Tires: not sure on this one.. what's a good street/trail tire? I was looking at kenda small block 8's..
Brake: I wanna do hydros, but I have a set of dangerboy mech. levers, so probably bb7's...


----------



## Rb (Feb 28, 2007)

Fork: Marzo 4x (I run an Argyle and it's bad for 4x)
Handlebars: Answer Pro-Taper in gold... If you can deal with the 25.4 clamp diameter...
Tires: SB8's, holy rollers (I love 'em), WTB mutanoraptors are great too...
Cassette: run a road cassette 11-23


----------



## snaky69 (Mar 8, 2005)

I'd go for a pike or nempro tuned 4X for the fork. Road cassette for sure.


----------



## captain spaulding (May 7, 2006)

snaky69 said:


> I'd go for a pike or nempro tuned 4X for the fork. Road cassette for sure.


I can't seem to get the Nemesis website to work, is it up right now?


----------



## snaky69 (Mar 8, 2005)

captain spaulding said:


> I can't seem to get the Nemesis website to work, is it up right now?

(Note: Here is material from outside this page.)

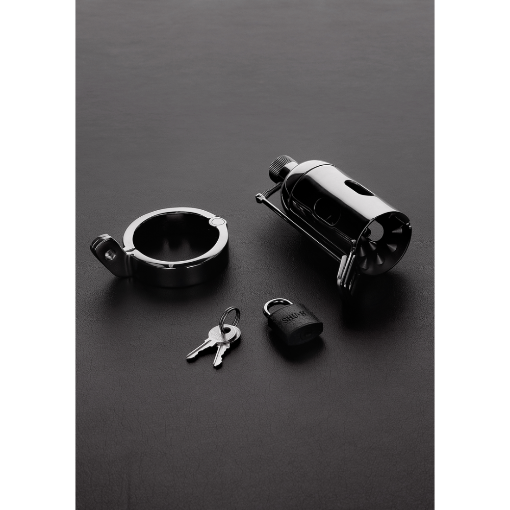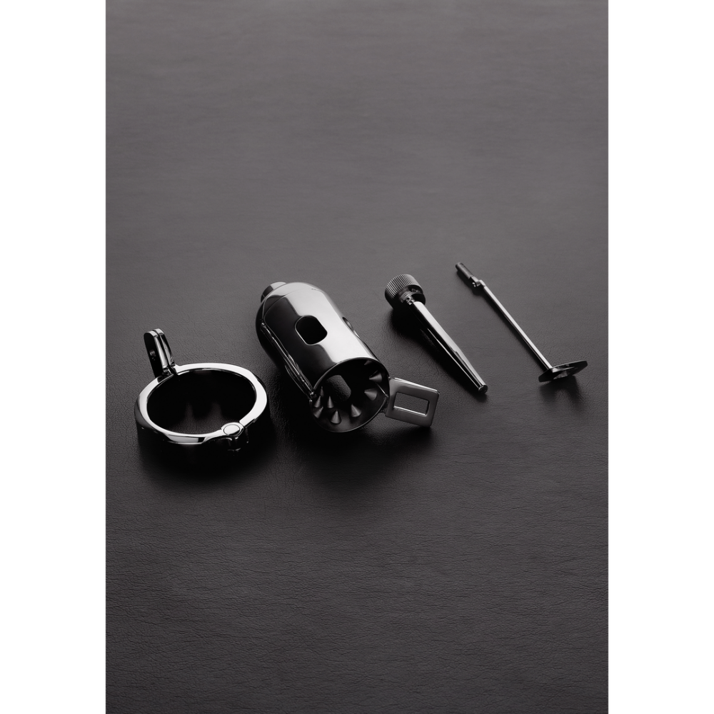 This chastity device is much more advanced version of the classic KTB chastity device, which effectively prevents erection. It is comfortable while the penis is flaccid, but it bites when getting aroused for whatever reason, preventing any forbidden activity. Spikes of the cage are blunt, they do not cause any injury. Some marks might remain for a few days after longterm use, but it is absolutely safe to wear. It also has a removable 7mm penis plug with pee hole. / Lockable penis plug – it cannot be removed without the key.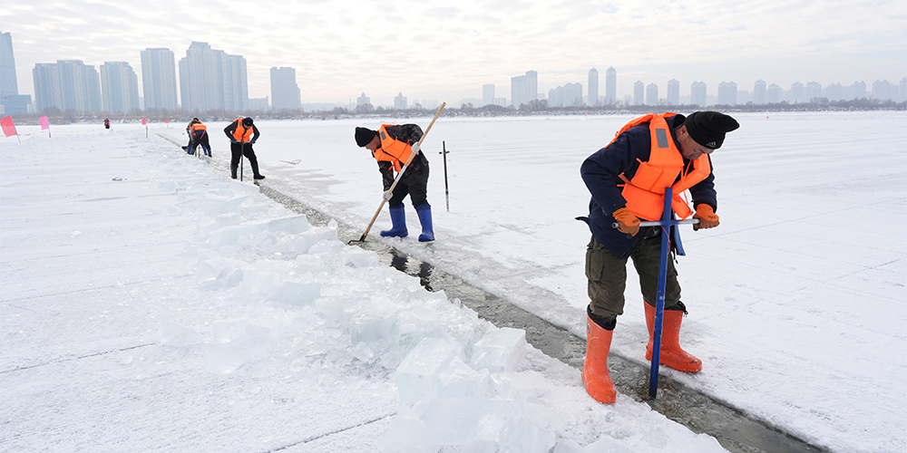 Começa a temporada de coleta de gelo em Harbin, no nordeste da China

Not as far as I know. For pricing and info PM me or e-mail Brad: evil4bc (at) mac DOT com.


----------



## Vinny A (Oct 8, 2006)

Sick frame, and I would go with a NemPro tuned 4x like Ian said. But can I get a what the f*ck on the head tube?


----------



## captain spaulding (May 7, 2006)

Vinny A said:


> Sick frame, and I would go with a NemPro tuned 4x like Ian said. But can I get a what the f*ck on the head tube?


it's adjustable supposedly, not sure how it works yet..


----------



## Vinny A (Oct 8, 2006)

So it can go from 1 1/8 to 1.5 or something like that?


----------



## njhcx4xlife (Jan 9, 2006)

the headtube angle is adjustable... the scott High Octane dh bikes had a similar system.


----------



## captain spaulding (May 7, 2006)

Vinny A said:


> So it can go from 1 1/8 to 1.5 or something like that?


headtube angle, from what i can tell you use different headtubes and you can change the headtube angle...


----------



## tibug (Dec 5, 2006)

Awesome...I wish I had the money...

For the wheels, how about Azonic Outlaws?

For the bars, I don't know what you consider light, but how about these?

http://pricepoint.com/detail/15467-195_SIMMP6-3-Parts-62-Handlebars/Mountain/Simtra-McPudgy-Handlebar.htm

Protapers are probably better though...

Good Luck and keep us updated! :thumbsup:

Tim


----------



## ServeEm (Jun 15, 2005)

Aren't outlaws on the heavy side? I ran em on my hardtail DH and loved em just heard they're heavy.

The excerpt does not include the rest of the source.